Если бы Ульянова отказалась подписывать, у Зобова могли быть большие неприятности – он должен собственноручно составлять протокол, но часто некоторых свидетелей и грамотных, внятных людей он просил писать, а потом оформлял как положено – "с моих слов записано верно" и подпись. Ульянова прочитала и безропотно расписалась.

"Сегодня я первый день без Саши. Расстались. Он – в раю, а где я? Не представляла, как это будет. Вчера он был, а сегодня его уже нет. Нет нигде. Совсем. Или он все же где-то есть? Он видит меня, но ничего сделать не может. Или не хочет. Надо собраться, и чтобы все было без слез".

– Итак. Фамилия. Имя. Отчество.

Ульянова подняла на Зобова глаза и посмотрела на него как на полного идиота – неужели в сотый раз надо отвечать?

– Положено так.

Ульянова молчала. Сегодня она уже не боялась ничего из предложенного единым, непоколебимым миром.

– Вчера никак не могли запомнить, как меня зовут, – сегодня у меня отшибло память, – пошутил Зобов, заполняя формальную графу.

– Мне абсолютно все равно, как у вас положено. Ульянова Татьяна Михайловна. Мне нужен адвокат. Его, кажется, стоит вызвать. Я настаиваю.

– У вас он есть? – спросил Зобов. – Зовите. Но я предлагаю поговорить. Вы можете не подписывать протокол. Если откажетесь от допроса, вам придется ждать здесь, пока мы не найдем бесплатного защитника. Но вас ни в чем не обвиняют. Задержали потому, что произошло серьезное преступление – двойное убийство, вы были рядом, знали одного из убитых, были с ним в определенных отношениях. Вот и все. Ваше поведение мне показалось странным, и я воспользовался возможностью, предоставленной мне законом, задержать вас без предъявления обвинения на сорок восемь часов. Какие вопросы? Зачем вам адвокат?
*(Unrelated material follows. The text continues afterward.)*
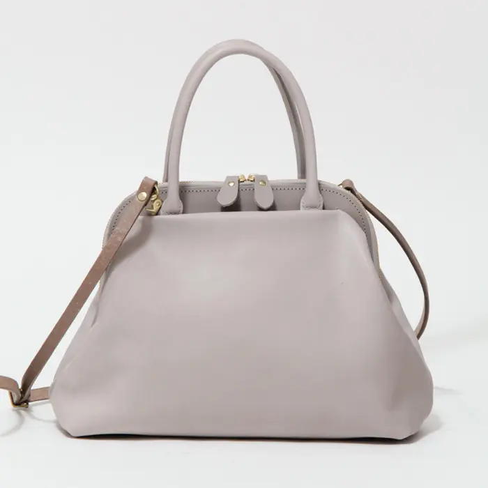 Ense アンサ がま口 レザー 2way ボストンバッグ グレージュ

"Хорошая музыка у тебя, Бах, – раздумывала Татьяна Ульянова, опасаясь какого-то следовательского подвоха, с утра в камере только об этом и говорили. – Хорошая музыка. Но к Баху ты не имеешь ро-о-о-овным счетом никакого отношения".

Здесь Ульянова ошибалась. Сергей Себастьянович Зобов имел, можно сказать, самое прямое отношение к великому немецкому композитору, скорее к его отцу. И во вторую очередь к его фугам.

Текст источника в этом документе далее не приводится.